I will return to the other regulations at a proper time. They will possibly be even more likely to dislocate the railway industry than these regulations. However, there are still some outstanding questions about the licences, and I would be grateful if the Minister could at least take on board our fears and reassure us.
(5 years, 8 months ago)
Lords ChamberMy Lords, I support my noble friends Lord Berkeley and Lord Snape in their opposition to this measure and add my regrets that we are not pursuing a fatal Motion on this issue. My interest in this is personal. I am a railway clerk’s son from Carlisle and I have always been passionate about the railways. My first job in national politics was as special adviser to the noble Lord, Lord Rodgers of Quarry Bank, when he was Secretary of State for Transport, so I have a personal connection. Also, I happened to learn quite a lot about the detail of this SI from being a member of your Lordships’ EU Sub-Committee on the Internal Market, chaired so wonderfully by my noble friend Lord Whitty. The Secretary of State appeared as a witness before us on these questions and it was absolutely plain that the reason he wanted to withdraw from the European agency was nothing more than ideology.
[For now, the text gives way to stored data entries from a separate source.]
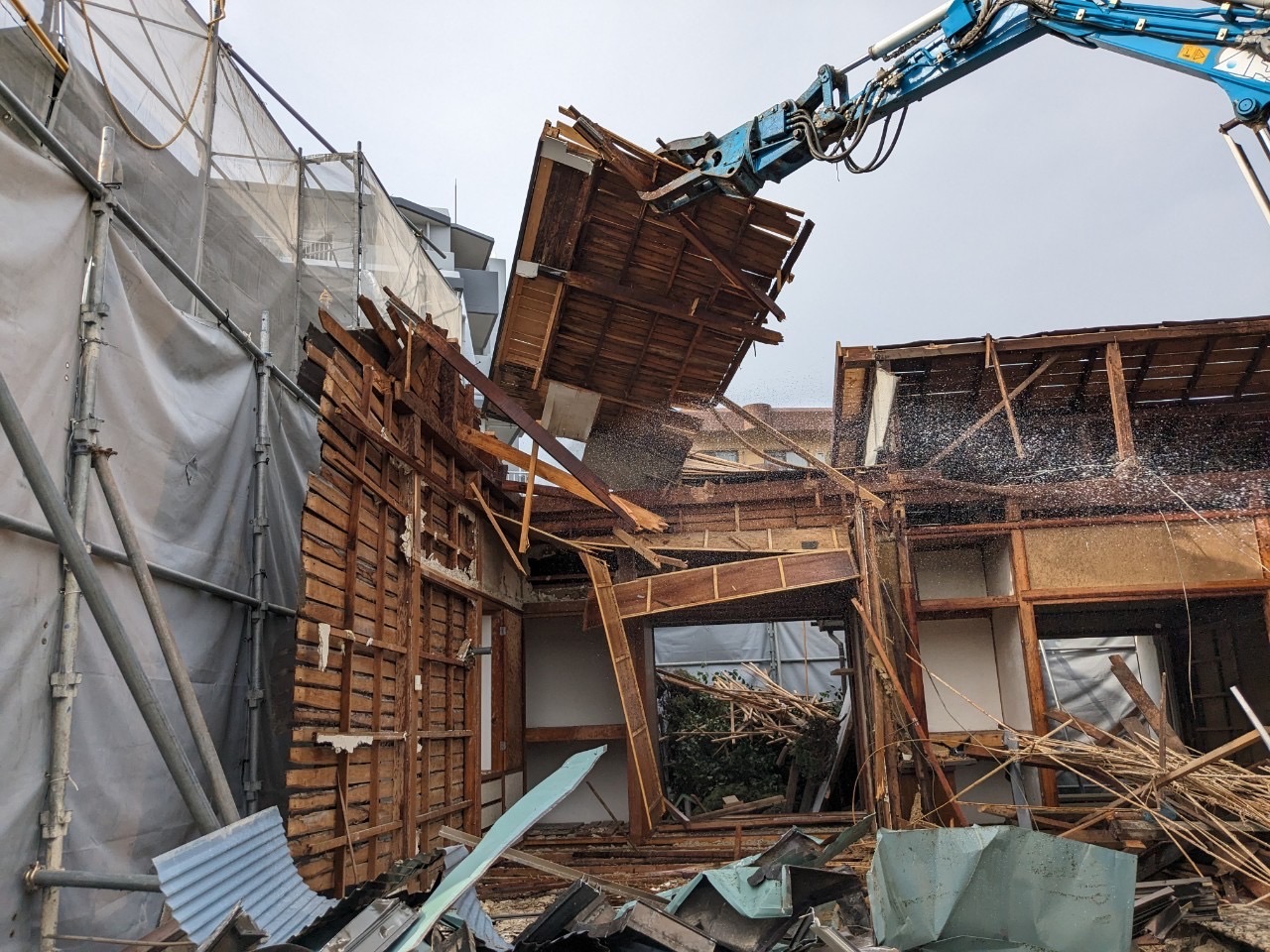 木造屋根撤去中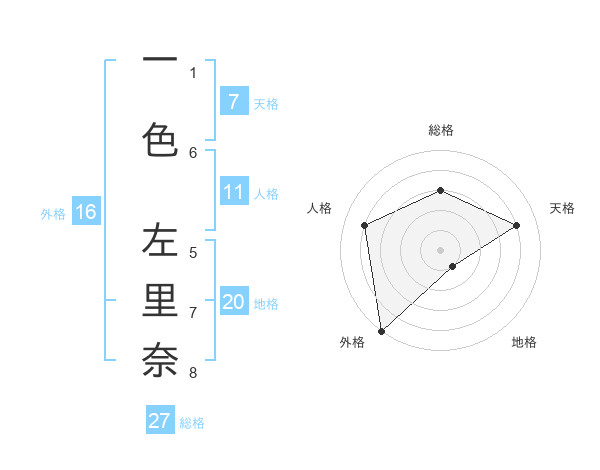 一色 左里奈さんを姓名の画数から五運を鑑定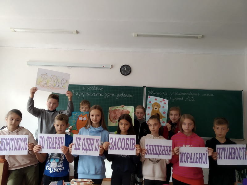5-6 жовтня 2020 р. з метою покращення ситуації безвідповідального та жорстокого ставлення до тварин та з метою реалізації статті 6 Закону України «Про захист тварин від жорстокого поводження» у ЗОШ№22 був проведений урок доброти, у якому взяли участь 22 класні колективи. Ініціатором проведення у закладах загальної середньої та професійної освіти «ІІІ Всеукраїнського уроку доброти» є Благодійний фонд «Щаслива лапа». На занятті учні переглянули презентації, мультфільми про братів наших менших, розповіли зворушливі історії про тварин, які потребують нашої допомоги та про своїх домашніх улюбленців, з радістю демонстрували їх фото та малюнки, Діти ще раз переконалися в тому, що відповідальне ставлення до тварин, робить наш світ кращим.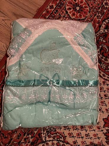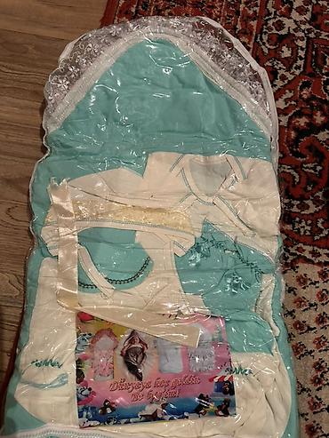 - Конверт/набор для новорождённого в чехле: мятно-белая гамма, верх с кружевной отделкой и прозрачным окошком. Подходит для выписки и для прогулок в коляске.

He could not stand the fact that standards would be set by Europe. That is what we face all the time from Ministers in this Government. There is no pragmatism about Brexit, so why do noble Lords think we are in trouble? It is because of that absolute absence of any pragmatism.
When we had that hour-long disquisition by the Secretary of State, I raised the issue of the manufacturing plants, which, as my noble friend Lord Snape said, are now foreign-owned but based in Britain. My noble friend Lord Adonis is not in his place but I know that a remarkable achievement of his—one of many, by the way—when he was Secretary of State for Transport was to get Hitachi to establish a plant in Durham that would manufacture trains.
I hate to interrupt my noble friend in full flow, but may I point out to him that that plant in Durham is not a manufacturing plant, it is an assembly plant? That is the great weakness of British industry these days. We put together materials and trains that are built elsewhere. That is what we are going to do in Durham.
I quite accept the point made by my noble friend but it is better than nothing and it provides hundreds of jobs in Durham. While my noble friend says it is just an assembly plant, how could such a plant operate in Britain if we decided to have different technical standards from those on the continent? That would completely destroy the business model on which that inward investment had been made.